Falgun’s Rs 17.81 billion spike—66.38% of the prior seven months’ total—may reflect seasonal investment cycles or heightened confidence in Nepal’s automated system and policy stability. Yet, historical trends show a gap between pledges and actual inflows, suggesting implementation challenges like bureaucratic delays or geopolitical risks could temper outcomes. If realized, the 11,475 jobs could significantly dent unemployment, though their quality and distribution (urban vs. rural) remain unclear.
The automated route’s Rs 2.75 billion contribution, while small, marks progress in reducing red tape—a long-standing investor grievance. Its gradual uptake could accelerate FDI inflows if paired with awareness campaigns. Conversely, the Rs 50 million minimum threshold may exclude smaller investors, potentially limiting grassroots economic impact.
Broader Context and Future Outlook
Nepal’s FDI surge aligns with South Asia’s rising appeal amid global supply chain shifts. The government’s focus on automation and legal clarity—via the 2075 Act—positions Nepal competitively against neighbors like India and Bangladesh. However, sustaining this momentum requires converting pledges into projects, diversifying sectoral focus, and addressing infrastructure bottlenecks.
The Rs 1.94 billion in SPAs/SSAs and 46 TTAs indicate foreign investors are not just injecting capital but also integrating into Nepal’s industrial ecosystem, a positive sign for technology-driven growth.
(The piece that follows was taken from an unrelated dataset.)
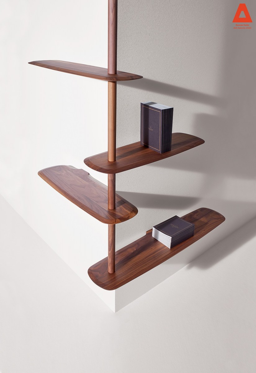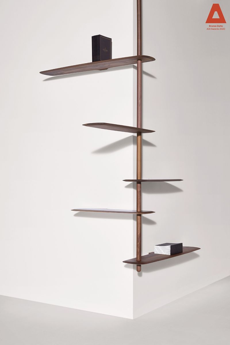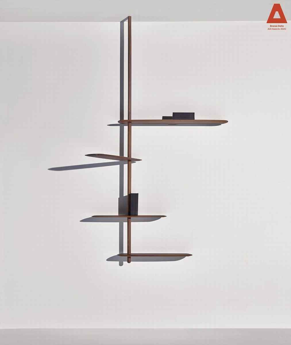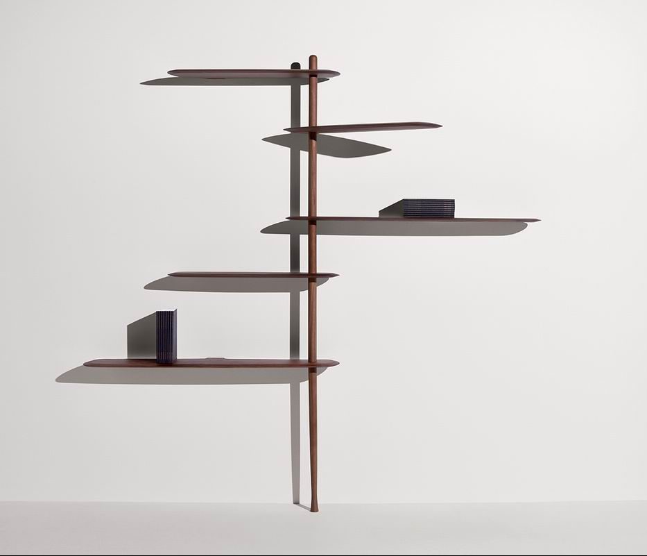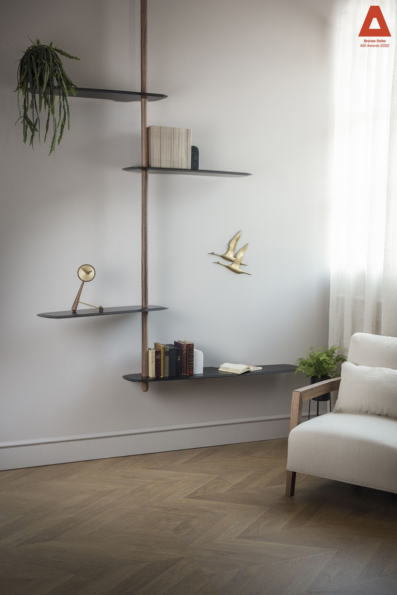 Modular system consisting of shelves and rods with different sizes. The system stands due to a central base in which you can alternate fixed shelves to the wall with floating shelves, providing strength and flexibility to the structure at the same time.

Still, the energy sector’s Rs 25.5 million pledge—despite hydropower potential—suggests untapped opportunities that could attract larger players if incentivized.
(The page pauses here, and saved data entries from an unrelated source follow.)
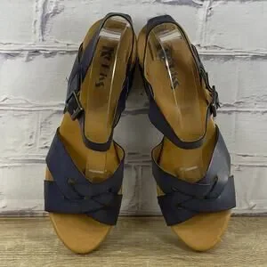 Korks Bagley Platform Chunky Heel Sandals Women's Size 9 Slingback Dark Blue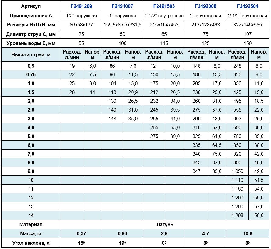 Высота струи max, м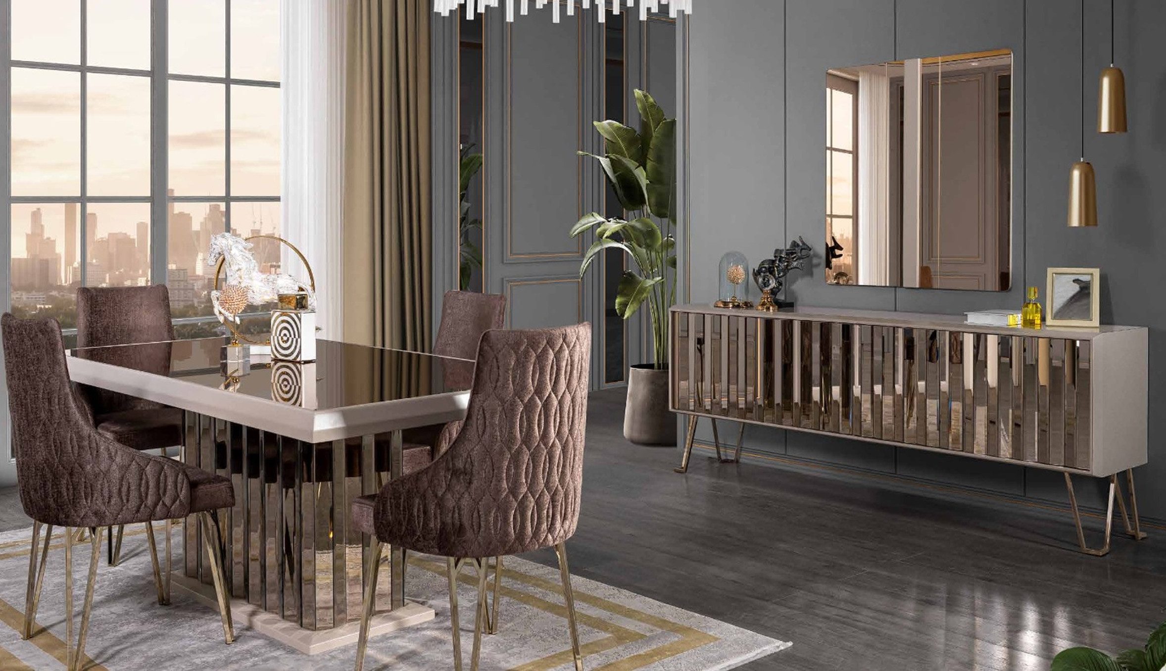 Serie | 7tlg Esszimmer Set(Esstisch+4x Stühle+Kommode+ Spiegel) |

Nepal’s Rs 44.66 billion FDI commitment by Falgun 2081 offers a hopeful glimpse into its economic trajectory, driven by service and tourism sectors and supported by procedural reforms. Realizing these pledges into operational industries and jobs will test the government’s execution capacity. With strategic diversification and robust follow-through, Nepal could leverage this momentum to strengthen its economic foundation and emerge as a regional investment hub by the fiscal year’s end.